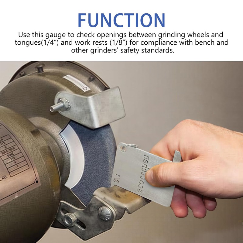 - 【FUNCTION】Use this gauge to check openings between grinding wheels and tongues(1/4”) and work rests (1/8”) for compliance with bench and other grinders' safety standards.
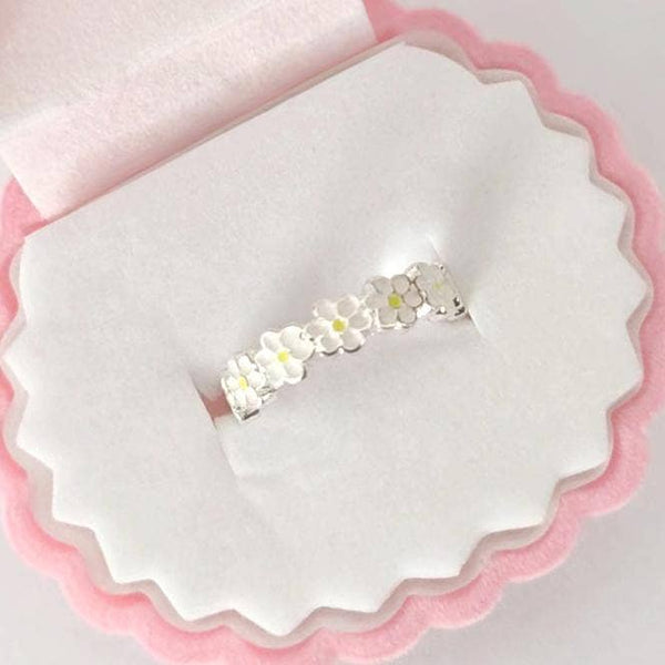 Wear a bouquet of flowers on your finger with the glorious Daisy Chain Ring. An entire band full of beautiful white flowers, daisies are the quiet beauty found in the simple and small things around us.
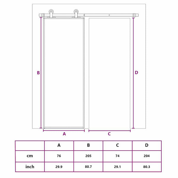 Musta liukuovi 76x205cm karkaistu lasi ja alumiini
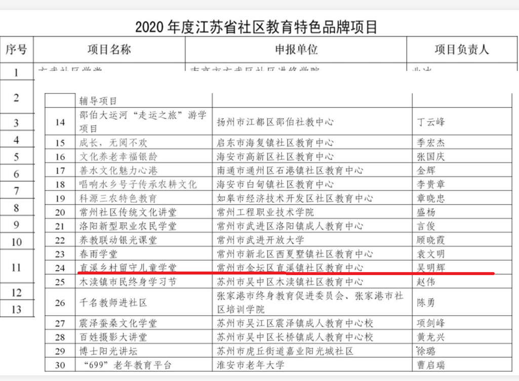 近日,江苏省教育厅发布《省教育厅关于公布2020年度省社区教育特色品牌项目和省老年教育学习资源库子库项目入选名单的通知》(苏教继函[2020]2号)中,由直溪镇社区教育中心主持建设的“直溪乡村留守儿童学堂”社区教育特色项目成功入选2020年度省社区教育特色品牌项目(该项目为金坛区首次入选)。
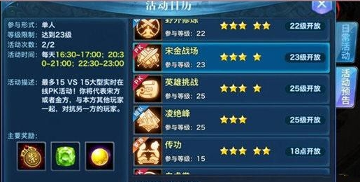 活动介绍:这是一场15VS15的大型实时在线PK活动,玩家在游戏中将会代表宋方或者是金放,然后和本方其他玩家一起去对抗另外一方的玩家。
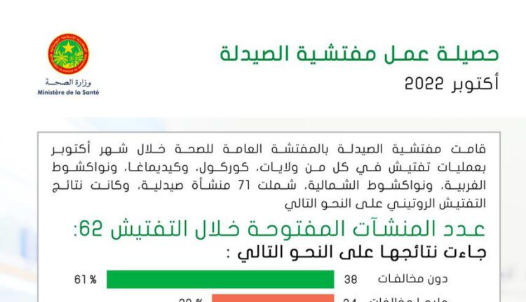 Le ministère de la Santé a rendu public, ce jeudi à Nouakchott, le bilan des travaux de l’Inspection générale des pharmacies pour le mois d’octobre dernier.
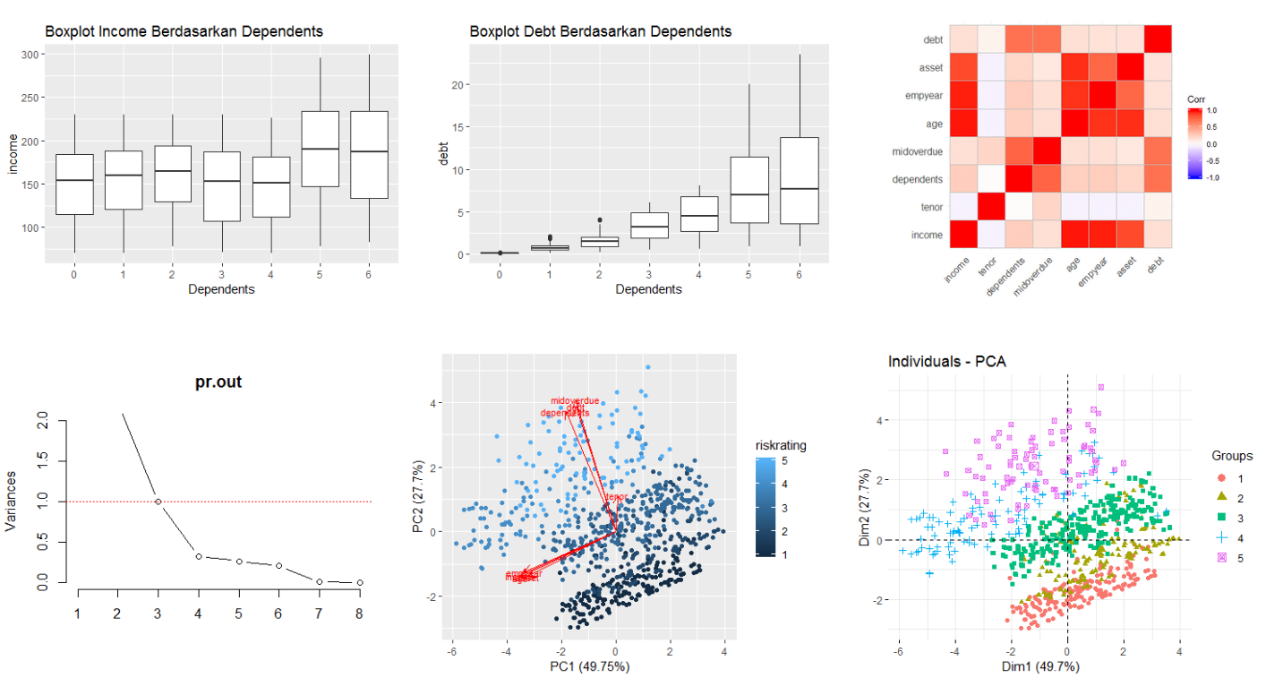 In this reduction dimension, I learned about the theory of principal component analysis and exercises its application to credit scoring. Principal component analysis is a technique used to reduce the number of unnecessary variables as input to the algorithm without compromising the quality of the prediction.
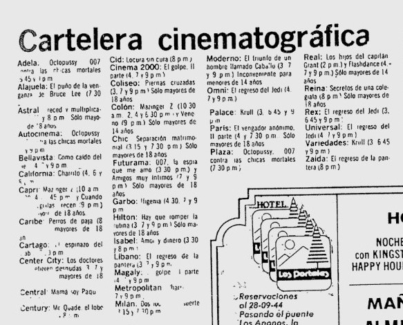 Nota curiosa es que en ese mismo año 1983 los anuncios de las carteleras cambian su presentanción en los periódicos a una lista de Cartelera Cinematográfica como la que vemos en la publicación anterior de La Nación.
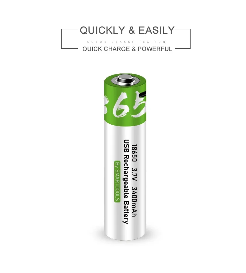 18650 Lithium-ion Type-c usb rechargeable battery 3.7V Model Number: 18650 Material: Lithium-ion battery Charging Method: Type-C usb cable Charging Voltage: 5V Norminal Voltage: 3.7V Typical: 2000mAh Diameter: 18 mm Height: 65 mm Weight: 43 (+-0.5)g Charging time: 1 hour (+-0.5) LED Indicators: Blink when charging,Stay on when full charged Short-circuited/over-flowed/over-charged/over-discharged protection: YES
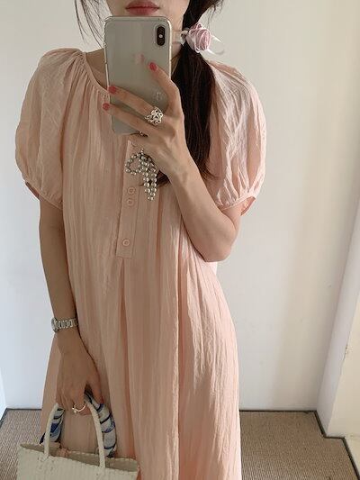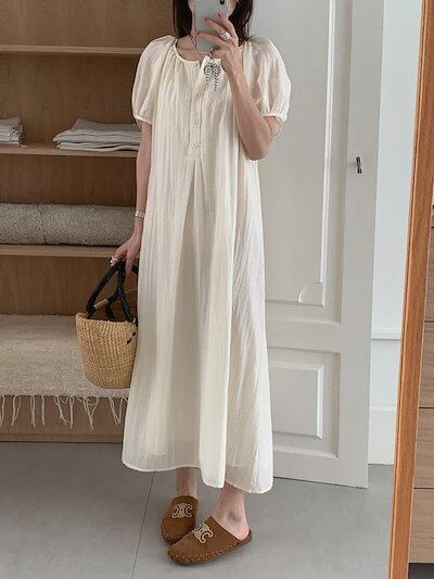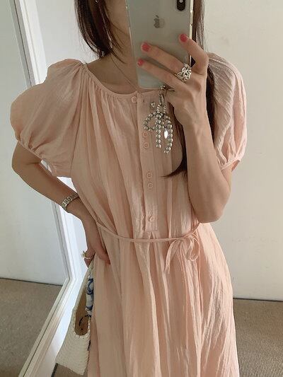 2024 春夏ワンピース ミモレ丈 半袖 バブル袖 ラウンドネック Aライン リボン ゆったり 細見え 夏 カジュアル おしゃれ かわいい キュート 韓国ファッション レディース お出かけ
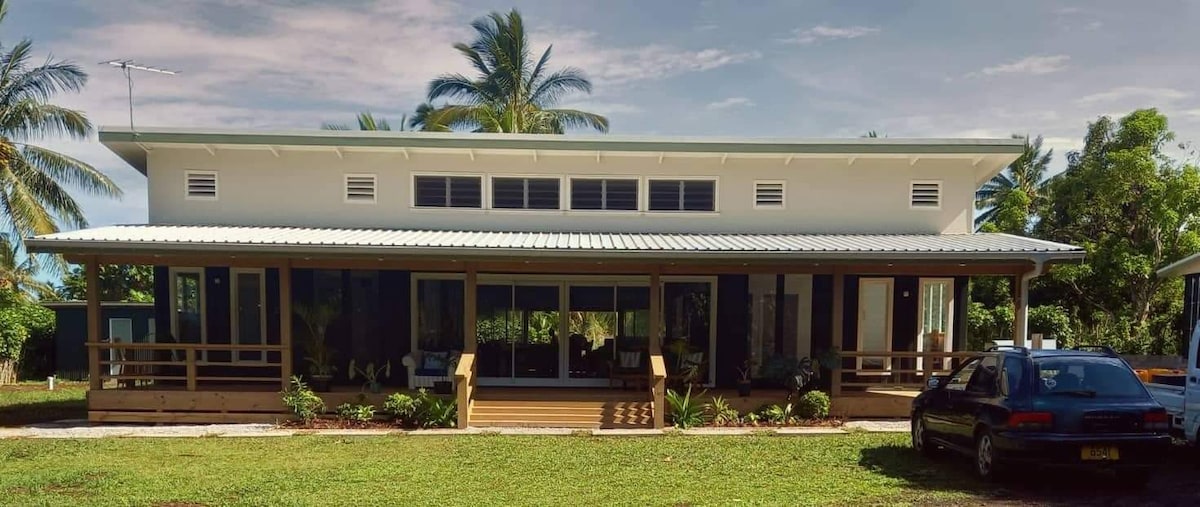 Nuestra espaciosa villa frente a la playa está a solo unos pasos de la playa. Hay una gran terraza para comer y relajarse, que tiene una vista clara del océano. El trabajo de artistas locales se presenta en la villa, proporcionando una sensación vibrante y cálida de las Islas Cook. Con el océano a tus pies, hamacas y vistas al atardecer, este es el lugar perfecto para relajarse, descansar y disfrutar de la vida isleña. Tenemos internet ilimitado (a través de Starlink) y hemos instalado un filtro UV para el agua potable.
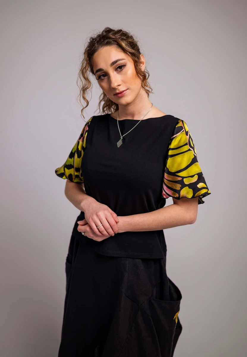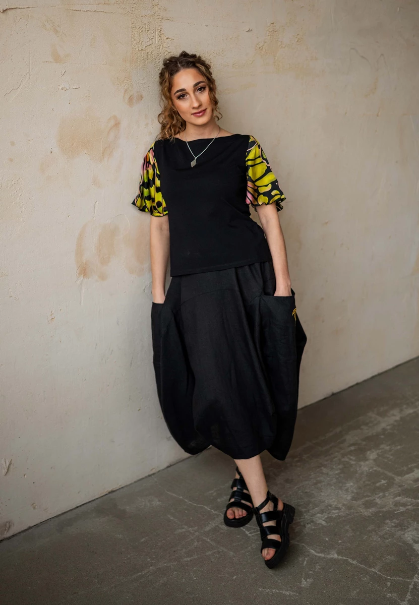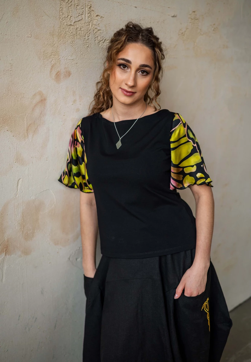 Kolory: białe z białymi rękawami, czerwone z czerwonymi rękawami w tulipany, czarne z czarnymi rękawami, czarne z rękawkami w różne wzory i kolory
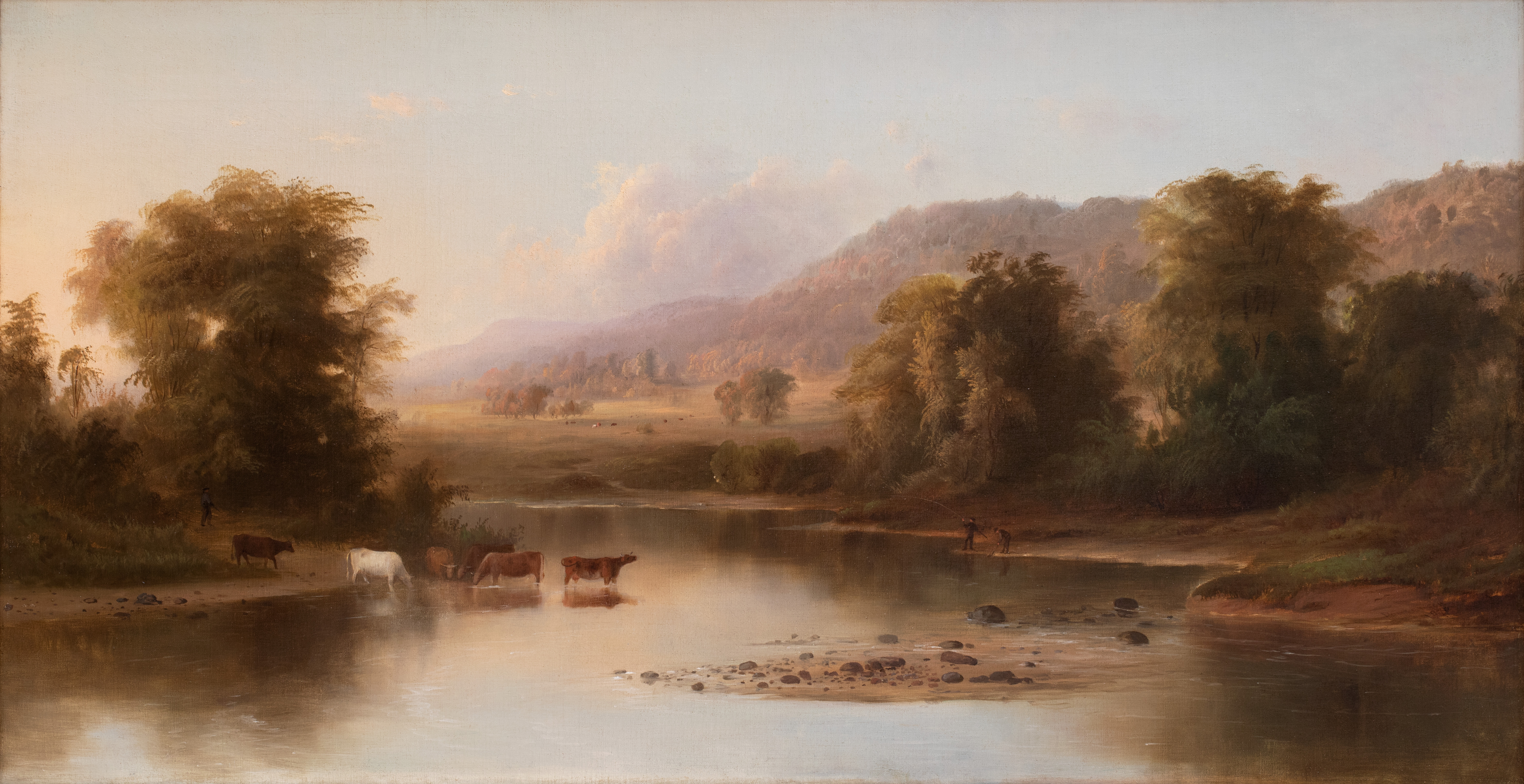 Pervasive golden light, reflected in the smooth surface of the river, establishes the tranquil mood of this landscape. A small herd of cattle wades in the shallow water, undisturbed by the fishermen in the distance. Robert Duncanson created this painting from sketches he had made on a trip to Canada in 1869. Duncanson was one of the first African American painters to experience success in the United States. He felt his paintings measured up to the work of European artists, commenting that “of all the landscapes I saw in Europe (and I saw thousands) I do not feel discouraged."

____

● How to complete this task: From the material above, output only the span of lines that starts at the one containing "Nuestra espaciosa villa" and finishes at the one containing "Kolory: białe z", word for word and free of pictures.

● Answer area:
 Nuestra espaciosa villa frente a la playa está a solo unos pasos de la playa. Hay una gran terraza para comer y relajarse, que tiene una vista clara del océano. El trabajo de artistas locales se presenta en la villa, proporcionando una sensación vibrante y cálida de las Islas Cook. Con el océano a tus pies, hamacas y vistas al atardecer, este es el lugar perfecto para relajarse, descansar y disfrutar de la vida isleña. Tenemos internet ilimitado (a través de Starlink) y hemos instalado un filtro UV para el agua potable.
 Kolory: białe z białymi rękawami, czerwone z czerwonymi rękawami w tulipany, czarne z czarnymi rękawami, czarne z rękawkami w różne wzory i kolory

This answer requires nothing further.